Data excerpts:
BEGIN
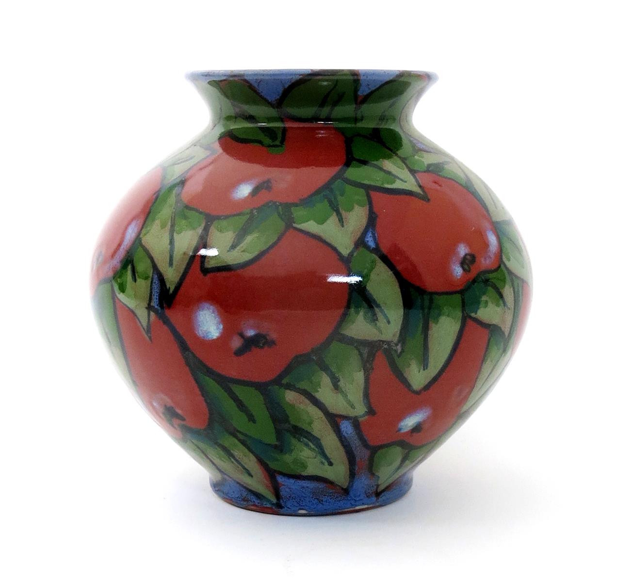 a Highland Stoneware vase, ovoid with everted top rim, painted with a frieze of apples, in red and green on a blue ground, printed factory mark, painted signature 21cm. high
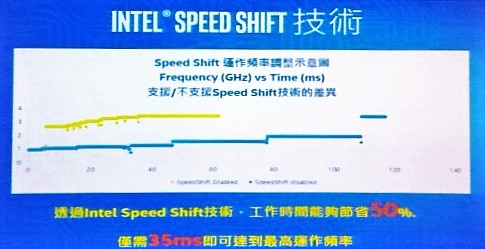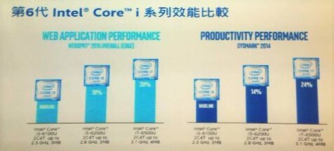 Intel講師Jero在介紹第 6 代 Intel® Core™處理器各項領先技術中, 提及第 6 代 Intel® Core™處理器相較於傳統處理器在速度上有飛躍性的突破, 能使工作時間減少50%, 對3D遊戲顯示效能更高達至30倍,是喜愛打電動者的一大福音. 而值得一提的是應用在筆電上,在不用充電器的狀況下,其電池續航力可達10小時,也是輕,薄,快速時代所極需的條件.
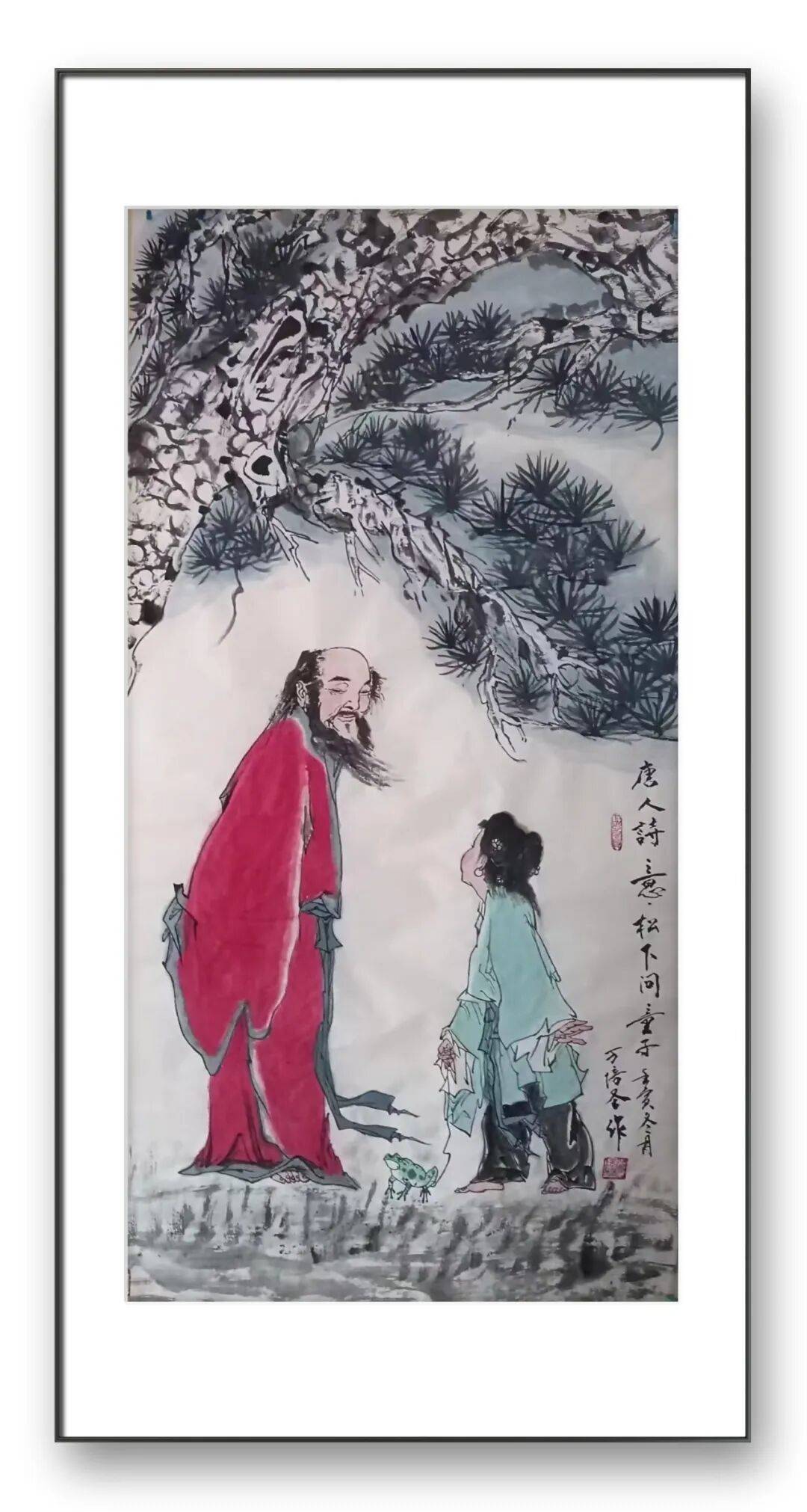 形神兼备、意蕴深远,是万培圣老师人物画的最高追求。他突破了单纯描摹人物外在形态的局限,更注重对人物内心的刻画,善于捕捉人物瞬间的神态与心境,通过微妙的眼神、嘴角的弧度乃至衣纹的褶皱,揭示人物的喜怒哀乐与精神风貌。其作品中,恣肆的笔墨、有意味的形象与自然的画面构成,共同营造出独特的艺术感染力。更难得的是,他为人低调豁达,其内敛平和的文化品格与不事张扬的艺术风貌一脉相承,让作品更具亲和力,观者在欣赏笔墨之美的同时,更能感受到一份真挚的情感共鸣。
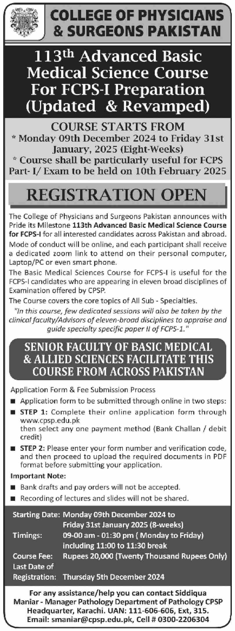 College of Physicians and Surgeons Pakistan has announced admissions 2024 for Advanced Basic Medical Science Course. College of Physicians and Surgeons Pakistan Karachi Sindh Pakistan welcomes students to apply for admissions in academic year 2024 in Science University. Students for admissions in Course can apply for online or campus classes as per Government institute criteria till admission closing date December 5, 2024. Read newspaper ad for exact details.
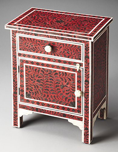 Sophisticated artistry and consummate craftsmanship. Botanic pattern with stem to stern. Bone inlays in dyed black pieces. Individually applied in a field of red by the hands of a skillful artisan. Hand-applied bone inlays white frames and borders. W...
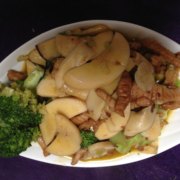 杏鲍菇、西兰花、肉丝、姜、虾皮粉、盐、蚝油、老抽、淀粉、蒜。
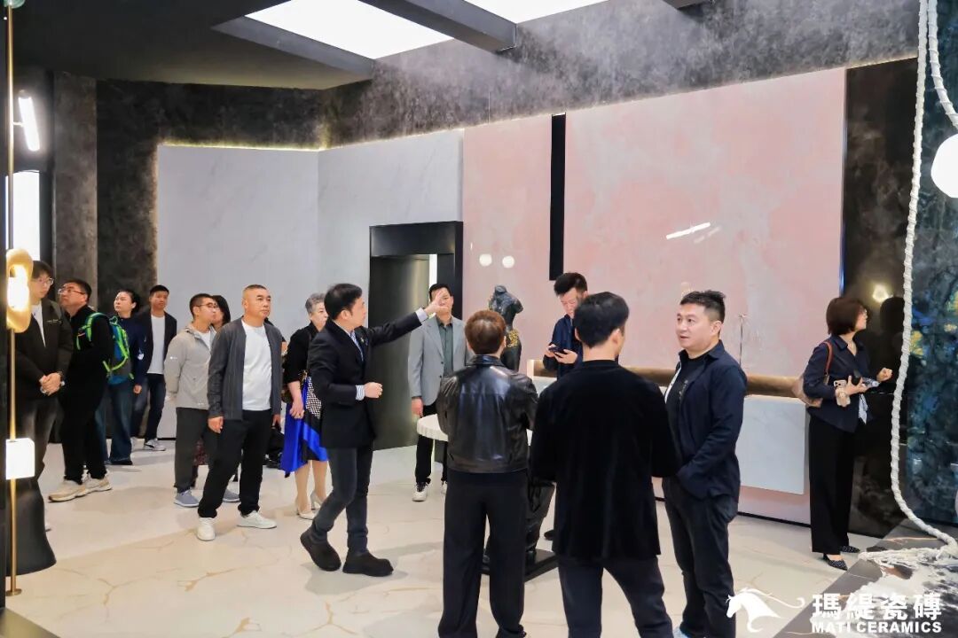 活动的最后,设计师们在工作人员的引导下,深入参观了玛缇总部展厅。从艺术画廊般的选材区到剧场感十足的岩板展厅,亲身触摸、感知产品在空间中的生命力,体验了一场从视觉到心灵的美学巡礼。
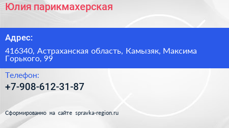 Юлия, парикмахерская по адресу 416340, Астраханская область, Камызяк, Максима Горького, 99 в дальнейшем Организация, размещена в следующих категориях:
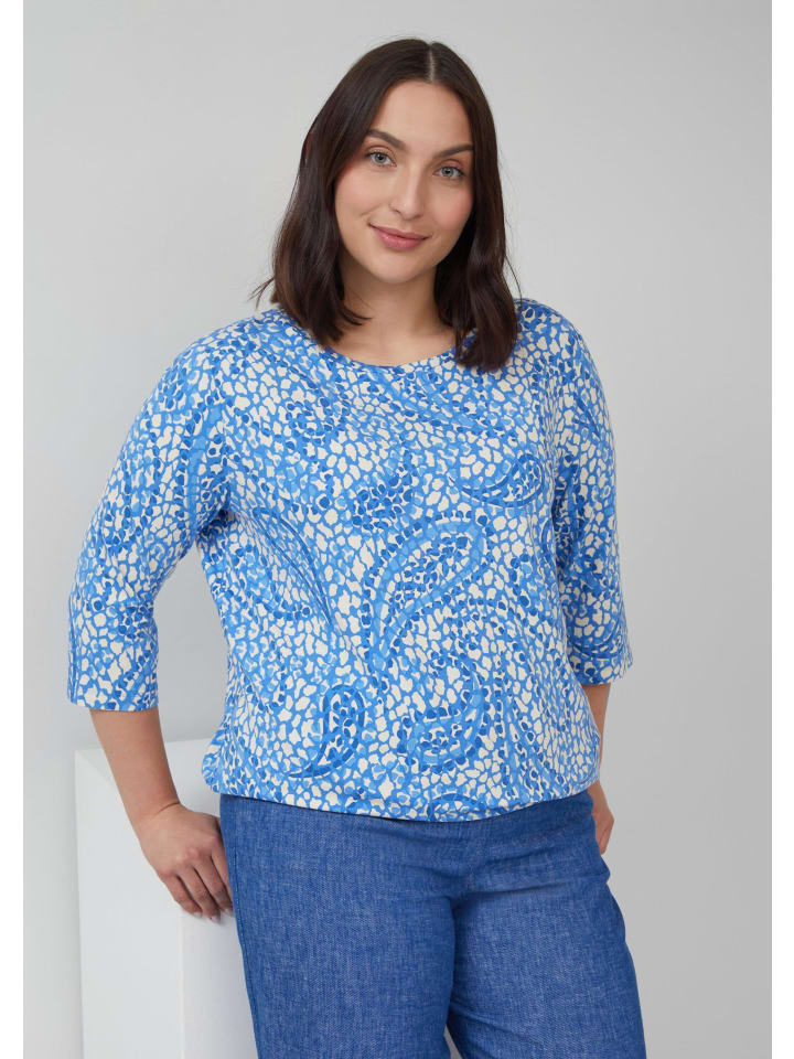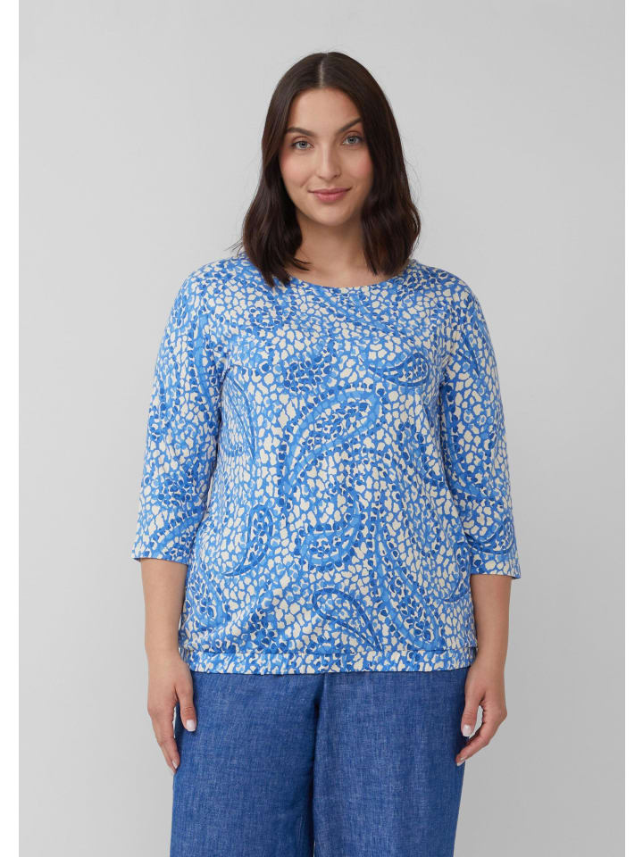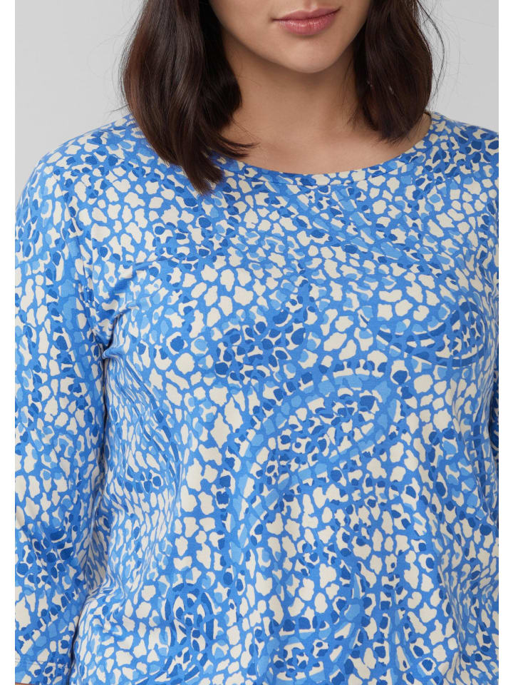 Эта мягкая вискозная эластичная рубашка свободного О-образного кроя будет вашим незаменимым спутником в течение всего дня. Благодаря эластичному подолу, классическому круглому вырезу и стильному принту по всей поверхности она быстро станет вашим новым фаворитом.
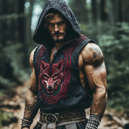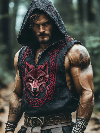 Men's Vintage Viking Wolf Celtic Pattern Linen Sleeveless Hooded T-shirt
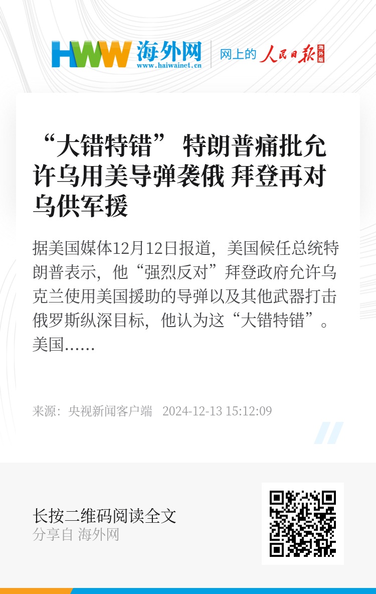 据美国媒体12月12日报道,美国候任总统特朗普表示,他“强烈反对”拜登政府允许乌克兰使用美国援助的导弹以及其他武器打击俄罗斯纵深目标,他认为这“大错特错”。美国12日宣布向乌克兰提供价值5亿美元的额外军事援助,并表示将持续向乌方提供武器,直至本届政府任期届满为止。
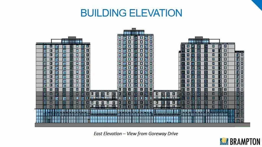 Developers are seeking a land use change to build four towers up to 20-stories-tall that would bring nearly 650 new units including affordable housing to Brampton.
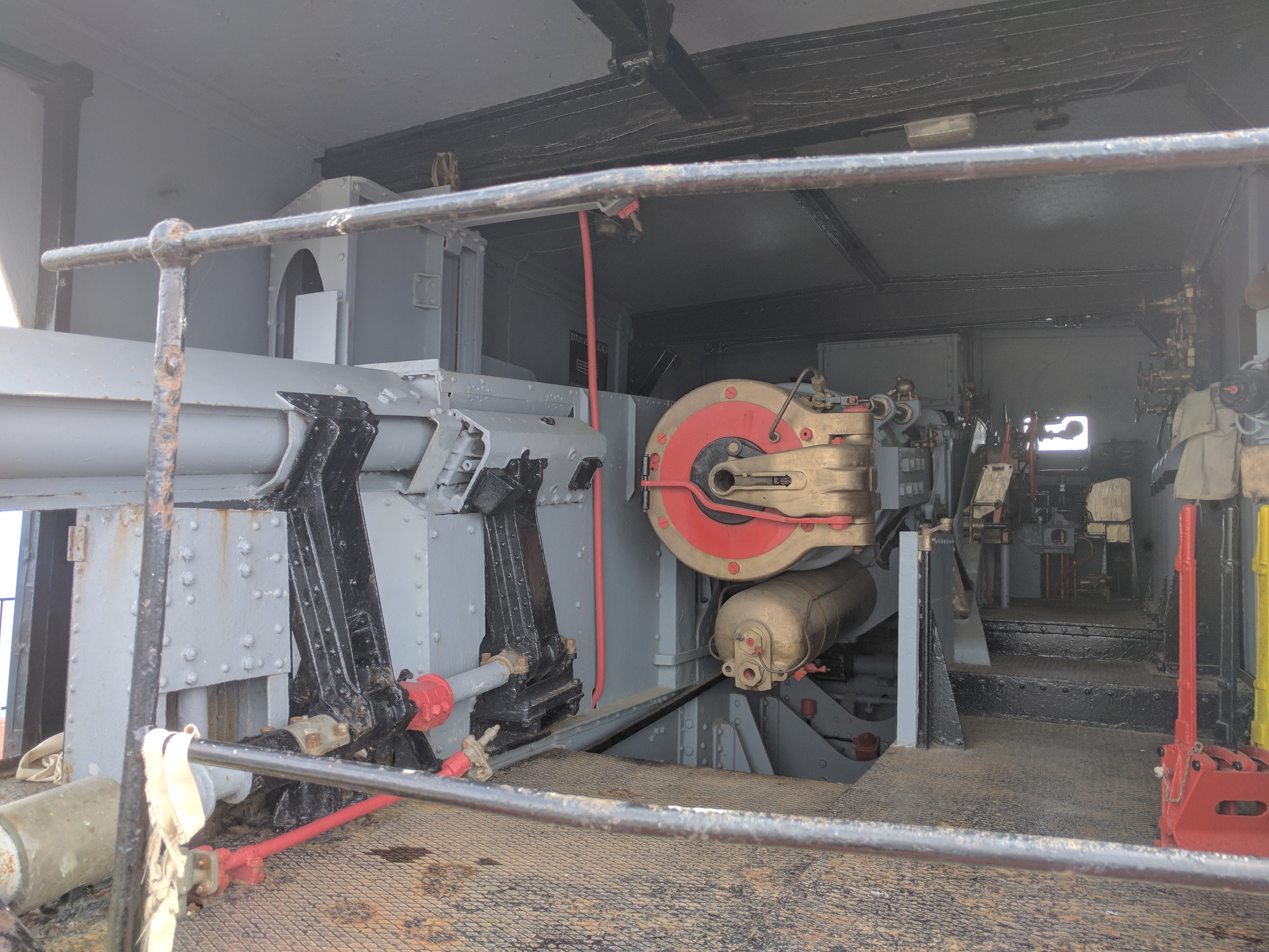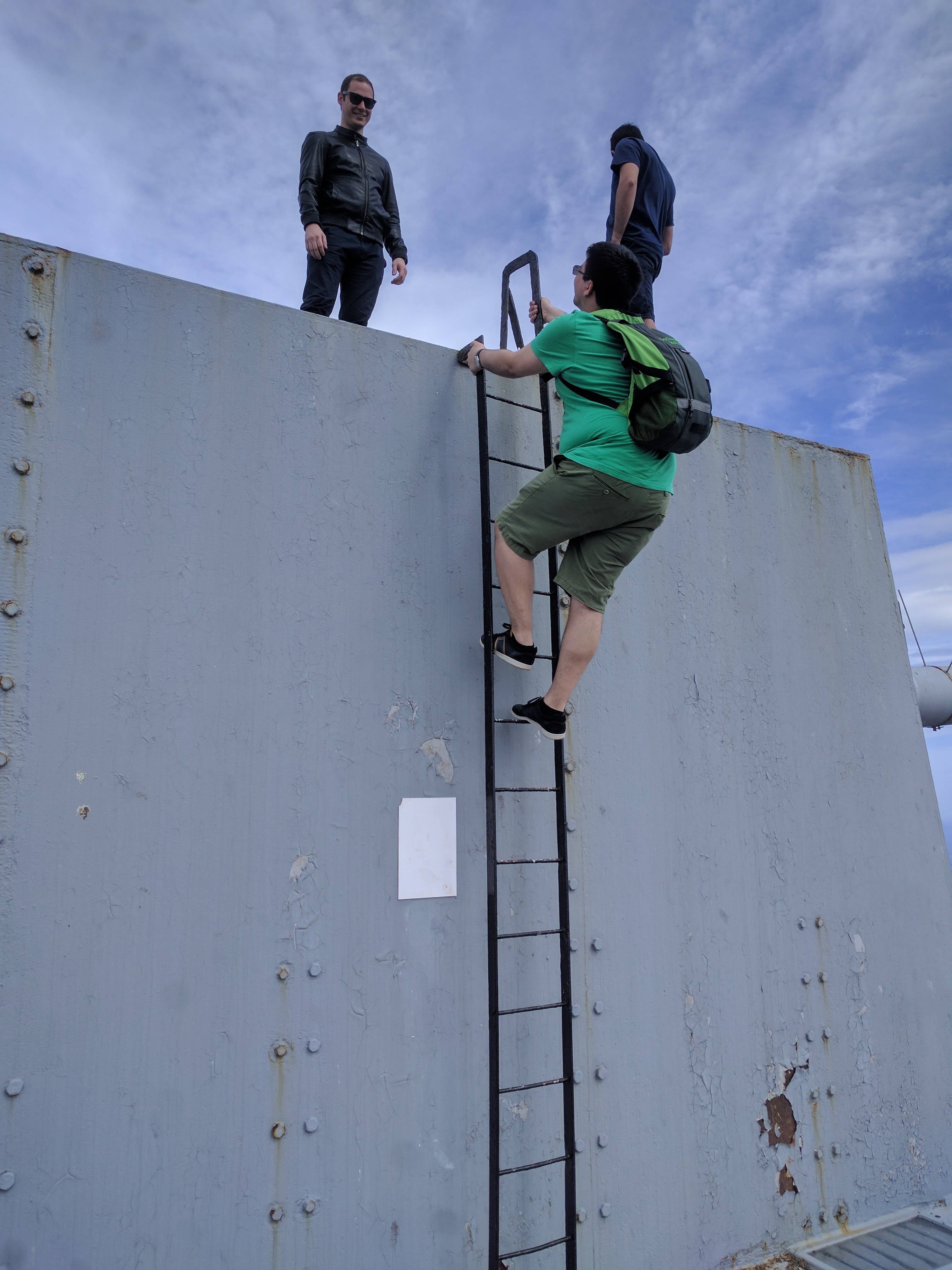 Nyilván felmásztunk az ágyú tetejére, a szélére hegesztett rozsdás rozoga létrán. Elég félelmetes volt, és csak lefelé vettem észre, hogy az a nagy hófehér tábla, a létra mellé ragasztva valószínűleg fénykorában pont ezt volt hivatott megtiltani, csak hát a napfény erősebb volt.
END
TASK BRIEF:
Copy out all the data exactly; skip the pictures.

TASK RESPONSE:
 a Highland Stoneware vase, ovoid with everted top rim, painted with a frieze of apples, in red and green on a blue ground, printed factory mark, painted signature 21cm. high
 Intel講師Jero在介紹第 6 代 Intel® Core™處理器各項領先技術中, 提及第 6 代 Intel® Core™處理器相較於傳統處理器在速度上有飛躍性的突破, 能使工作時間減少50%, 對3D遊戲顯示效能更高達至30倍,是喜愛打電動者的一大福音. 而值得一提的是應用在筆電上,在不用充電器的狀況下,其電池續航力可達10小時,也是輕,薄,快速時代所極需的條件.
 形神兼备、意蕴深远,是万培圣老师人物画的最高追求。他突破了单纯描摹人物外在形态的局限,更注重对人物内心的刻画,善于捕捉人物瞬间的神态与心境,通过微妙的眼神、嘴角的弧度乃至衣纹的褶皱,揭示人物的喜怒哀乐与精神风貌。其作品中,恣肆的笔墨、有意味的形象与自然的画面构成,共同营造出独特的艺术感染力。更难得的是,他为人低调豁达,其内敛平和的文化品格与不事张扬的艺术风貌一脉相承,让作品更具亲和力,观者在欣赏笔墨之美的同时,更能感受到一份真挚的情感共鸣。
 College of Physicians and Surgeons Pakistan has announced admissions 2024 for Advanced Basic Medical Science Course. College of Physicians and Surgeons Pakistan Karachi Sindh Pakistan welcomes students to apply for admissions in academic year 2024 in Science University. Students for admissions in Course can apply for online or campus classes as per Government institute criteria till admission closing date December 5, 2024. Read newspaper ad for exact details.
 Sophisticated artistry and consummate craftsmanship. Botanic pattern with stem to stern. Bone inlays in dyed black pieces. Individually applied in a field of red by the hands of a skillful artisan. Hand-applied bone inlays white frames and borders. W...
 杏鲍菇、西兰花、肉丝、姜、虾皮粉、盐、蚝油、老抽、淀粉、蒜。
 活动的最后,设计师们在工作人员的引导下,深入参观了玛缇总部展厅。从艺术画廊般的选材区到剧场感十足的岩板展厅,亲身触摸、感知产品在空间中的生命力,体验了一场从视觉到心灵的美学巡礼。
 Юлия, парикмахерская по адресу 416340, Астраханская область, Камызяк, Максима Горького, 99 в дальнейшем Организация, размещена в следующих категориях:
 Эта мягкая вискозная эластичная рубашка свободного О-образного кроя будет вашим незаменимым спутником в течение всего дня. Благодаря эластичному подолу, классическому круглому вырезу и стильному принту по всей поверхности она быстро станет вашим новым фаворитом.
 Men's Vintage Viking Wolf Celtic Pattern Linen Sleeveless Hooded T-shirt
 据美国媒体12月12日报道,美国候任总统特朗普表示,他“强烈反对”拜登政府允许乌克兰使用美国援助的导弹以及其他武器打击俄罗斯纵深目标,他认为这“大错特错”。美国12日宣布向乌克兰提供价值5亿美元的额外军事援助,并表示将持续向乌方提供武器,直至本届政府任期届满为止。
 Developers are seeking a land use change to build four towers up to 20-stories-tall that would bring nearly 650 new units including affordable housing to Brampton.
 Nyilván felmásztunk az ágyú tetejére, a szélére hegesztett rozsdás rozoga létrán. Elég félelmetes volt, és csak lefelé vettem észre, hogy az a nagy hófehér tábla, a létra mellé ragasztva valószínűleg fénykorában pont ezt volt hivatott megtiltani, csak hát a napfény erősebb volt.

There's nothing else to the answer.